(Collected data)

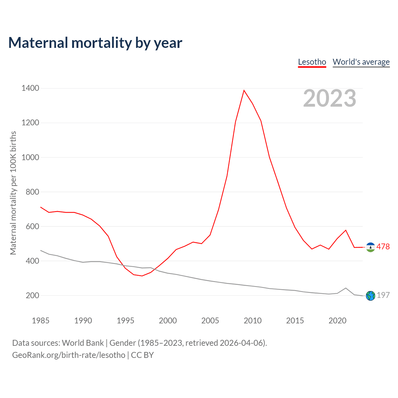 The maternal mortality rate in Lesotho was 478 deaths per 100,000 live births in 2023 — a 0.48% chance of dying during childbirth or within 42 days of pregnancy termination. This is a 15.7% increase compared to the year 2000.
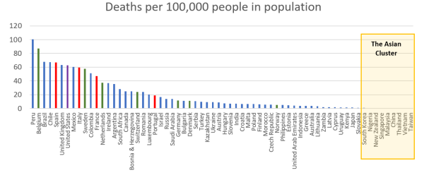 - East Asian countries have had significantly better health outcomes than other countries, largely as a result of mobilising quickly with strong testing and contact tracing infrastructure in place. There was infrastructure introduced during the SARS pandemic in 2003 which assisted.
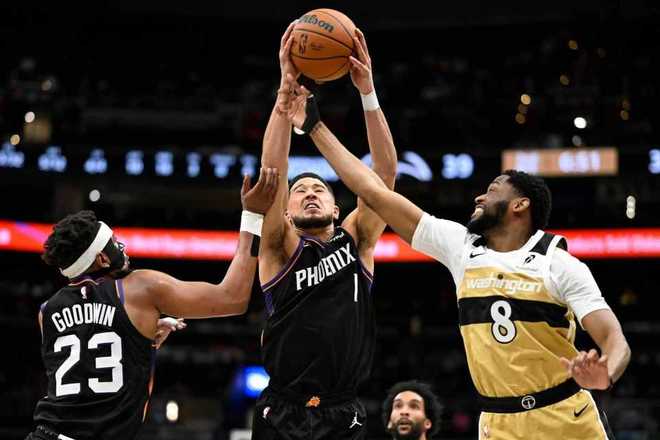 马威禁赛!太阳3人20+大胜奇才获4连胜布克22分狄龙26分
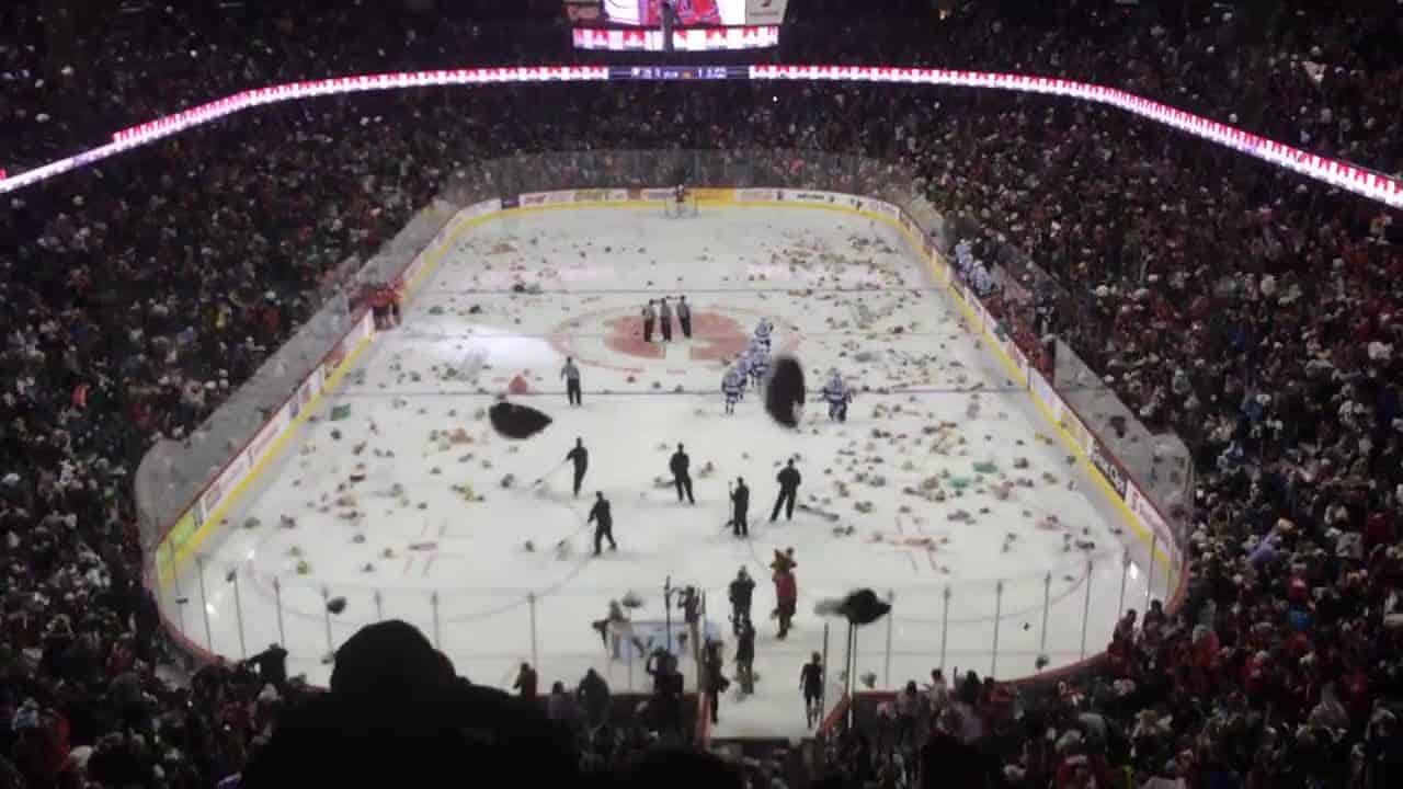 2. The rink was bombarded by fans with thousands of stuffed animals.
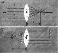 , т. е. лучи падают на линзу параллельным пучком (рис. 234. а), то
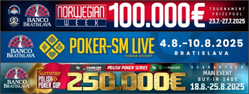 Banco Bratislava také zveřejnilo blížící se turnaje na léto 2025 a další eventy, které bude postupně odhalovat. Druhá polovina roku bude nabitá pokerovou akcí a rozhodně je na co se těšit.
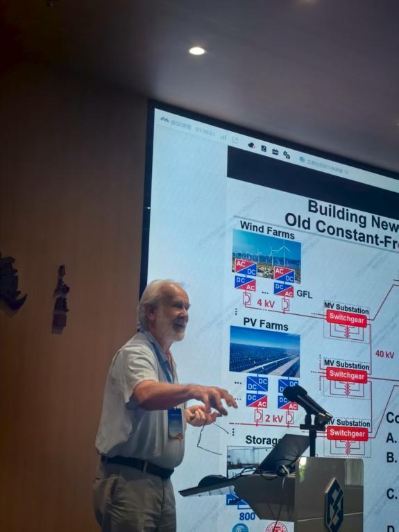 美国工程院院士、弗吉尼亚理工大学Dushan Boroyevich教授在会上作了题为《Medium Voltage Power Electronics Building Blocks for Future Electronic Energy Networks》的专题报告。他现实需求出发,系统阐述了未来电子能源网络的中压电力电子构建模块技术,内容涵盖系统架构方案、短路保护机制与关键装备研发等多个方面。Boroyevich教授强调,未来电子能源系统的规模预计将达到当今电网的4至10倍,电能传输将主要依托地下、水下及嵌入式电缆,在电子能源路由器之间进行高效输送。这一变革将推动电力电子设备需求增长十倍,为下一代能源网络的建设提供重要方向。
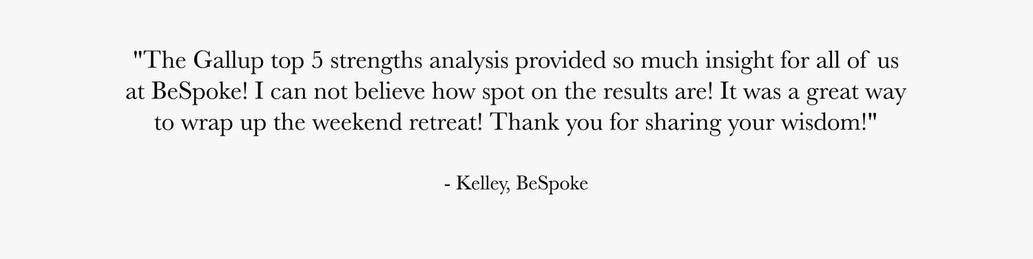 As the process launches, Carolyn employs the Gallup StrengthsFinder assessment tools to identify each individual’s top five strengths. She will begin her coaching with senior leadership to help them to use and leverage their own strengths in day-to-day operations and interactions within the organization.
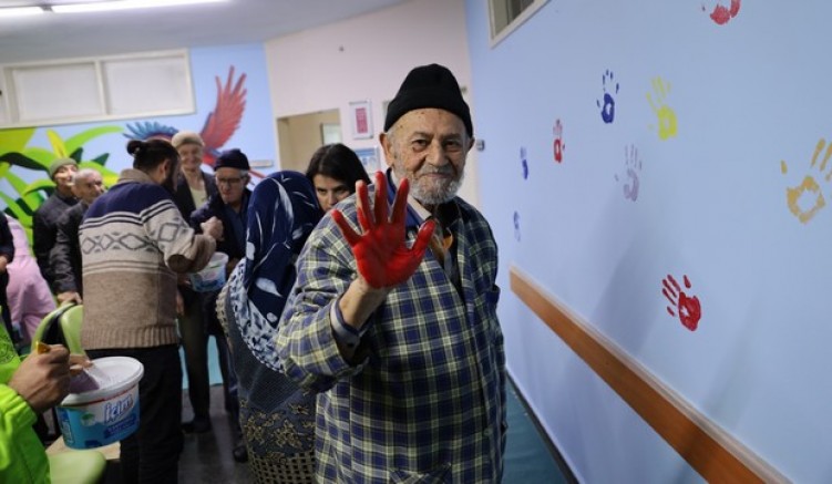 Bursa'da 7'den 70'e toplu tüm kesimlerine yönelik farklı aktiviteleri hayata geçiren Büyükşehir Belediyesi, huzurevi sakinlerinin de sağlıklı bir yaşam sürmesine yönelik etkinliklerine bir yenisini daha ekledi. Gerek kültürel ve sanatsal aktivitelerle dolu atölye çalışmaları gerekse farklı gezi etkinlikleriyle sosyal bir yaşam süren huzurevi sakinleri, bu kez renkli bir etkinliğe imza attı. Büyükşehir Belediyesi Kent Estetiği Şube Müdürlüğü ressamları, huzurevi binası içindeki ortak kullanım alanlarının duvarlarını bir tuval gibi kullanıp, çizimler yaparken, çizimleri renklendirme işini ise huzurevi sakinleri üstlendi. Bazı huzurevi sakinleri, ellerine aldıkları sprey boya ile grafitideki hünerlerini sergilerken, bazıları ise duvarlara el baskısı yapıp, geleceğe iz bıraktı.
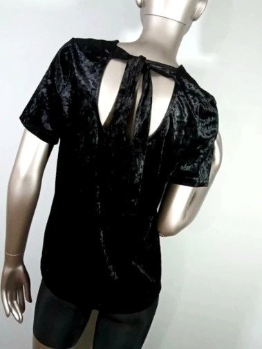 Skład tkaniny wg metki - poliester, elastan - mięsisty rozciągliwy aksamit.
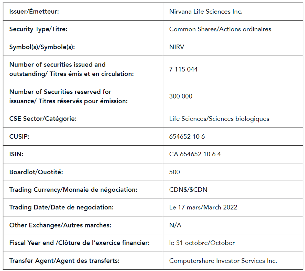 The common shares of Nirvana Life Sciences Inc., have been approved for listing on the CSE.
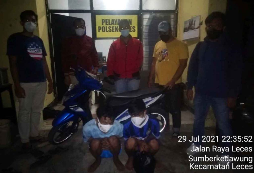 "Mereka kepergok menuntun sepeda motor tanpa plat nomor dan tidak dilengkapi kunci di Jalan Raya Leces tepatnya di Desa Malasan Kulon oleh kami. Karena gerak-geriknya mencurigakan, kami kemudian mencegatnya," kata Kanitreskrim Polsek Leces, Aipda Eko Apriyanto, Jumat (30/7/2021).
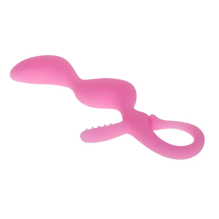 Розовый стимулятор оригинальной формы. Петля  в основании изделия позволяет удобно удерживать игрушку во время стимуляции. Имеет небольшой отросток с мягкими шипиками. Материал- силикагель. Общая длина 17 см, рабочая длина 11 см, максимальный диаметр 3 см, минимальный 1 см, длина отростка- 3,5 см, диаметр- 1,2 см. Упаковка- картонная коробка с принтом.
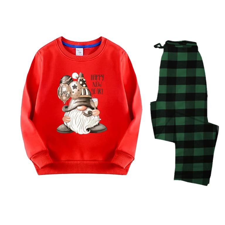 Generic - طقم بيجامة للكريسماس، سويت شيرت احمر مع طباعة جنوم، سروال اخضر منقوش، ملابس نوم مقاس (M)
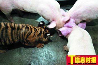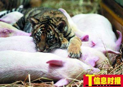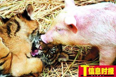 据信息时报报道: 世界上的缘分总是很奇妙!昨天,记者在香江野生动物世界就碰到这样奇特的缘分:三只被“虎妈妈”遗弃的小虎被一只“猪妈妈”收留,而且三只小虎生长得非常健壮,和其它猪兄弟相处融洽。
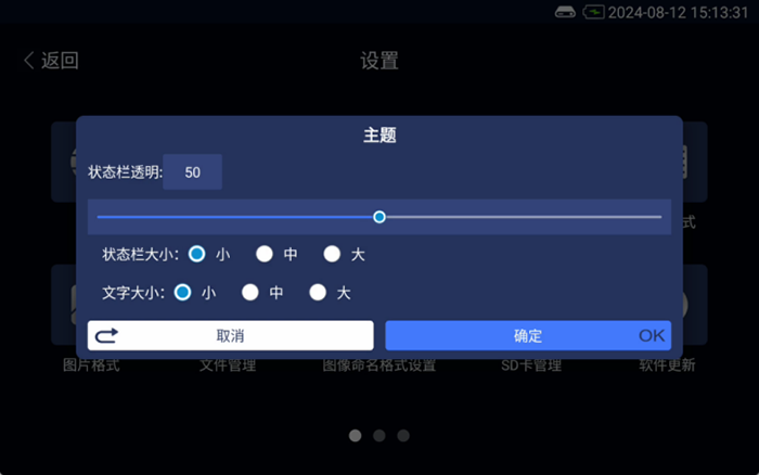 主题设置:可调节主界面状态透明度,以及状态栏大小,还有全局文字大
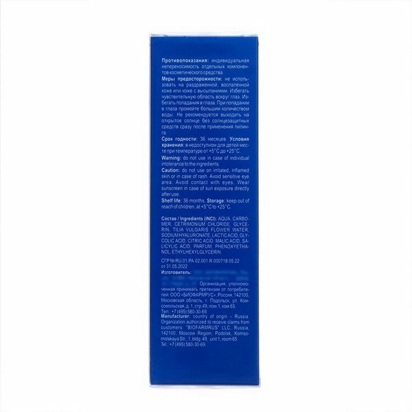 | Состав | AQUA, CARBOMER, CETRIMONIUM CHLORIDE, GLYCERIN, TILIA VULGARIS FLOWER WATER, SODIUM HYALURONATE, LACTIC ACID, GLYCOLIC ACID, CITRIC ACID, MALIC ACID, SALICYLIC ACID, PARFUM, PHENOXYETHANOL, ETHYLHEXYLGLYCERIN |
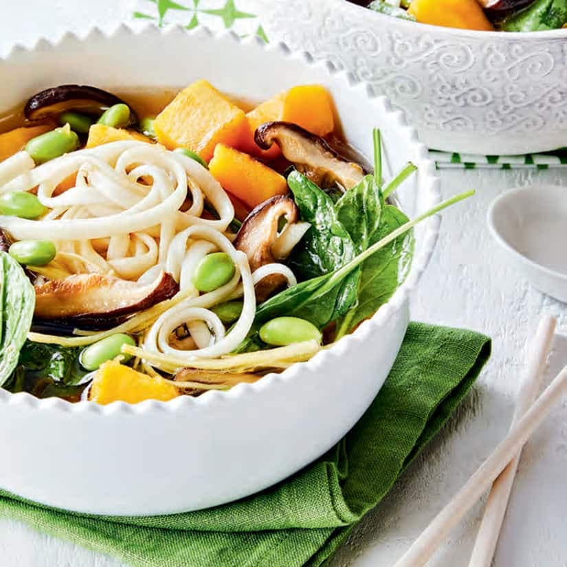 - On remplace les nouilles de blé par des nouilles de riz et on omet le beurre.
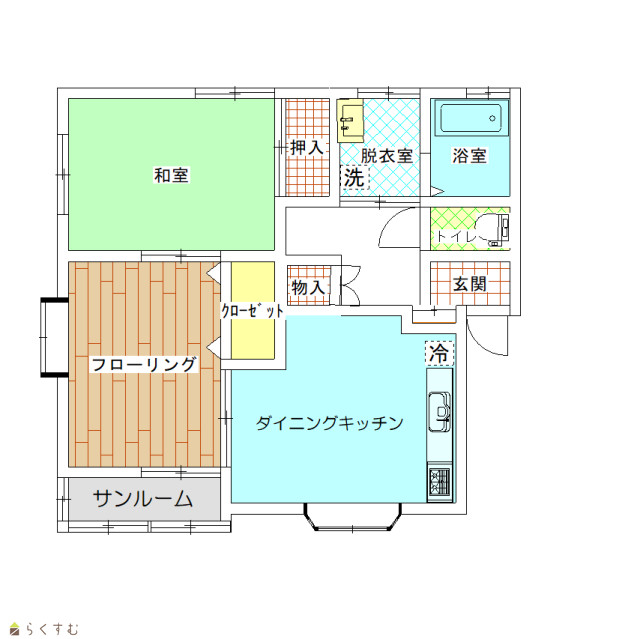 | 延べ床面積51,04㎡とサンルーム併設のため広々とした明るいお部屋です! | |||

WHAT YOU ARE ASKED TO DO - Starting at the line above that holds "2. The rink", repeat every line exactly down to and including the line that holds "美国工程院院士、弗吉尼亚理工大学Dushan Boroyevich教授在会上作了题为《Medium Voltage", then stop. Do not carry over any pictures.

RESPONSE -
 2. The rink was bombarded by fans with thousands of stuffed animals.
 , т. е. лучи падают на линзу параллельным пучком (рис. 234. а), то
 Banco Bratislava také zveřejnilo blížící se turnaje na léto 2025 a další eventy, které bude postupně odhalovat. Druhá polovina roku bude nabitá pokerovou akcí a rozhodně je na co se těšit.
 美国工程院院士、弗吉尼亚理工大学Dushan Boroyevich教授在会上作了题为《Medium Voltage Power Electronics Building Blocks for Future Electronic Energy Networks》的专题报告。他现实需求出发,系统阐述了未来电子能源网络的中压电力电子构建模块技术,内容涵盖系统架构方案、短路保护机制与关键装备研发等多个方面。Boroyevich教授强调,未来电子能源系统的规模预计将达到当今电网的4至10倍,电能传输将主要依托地下、水下及嵌入式电缆,在电子能源路由器之间进行高效输送。这一变革将推动电力电子设备需求增长十倍,为下一代能源网络的建设提供重要方向。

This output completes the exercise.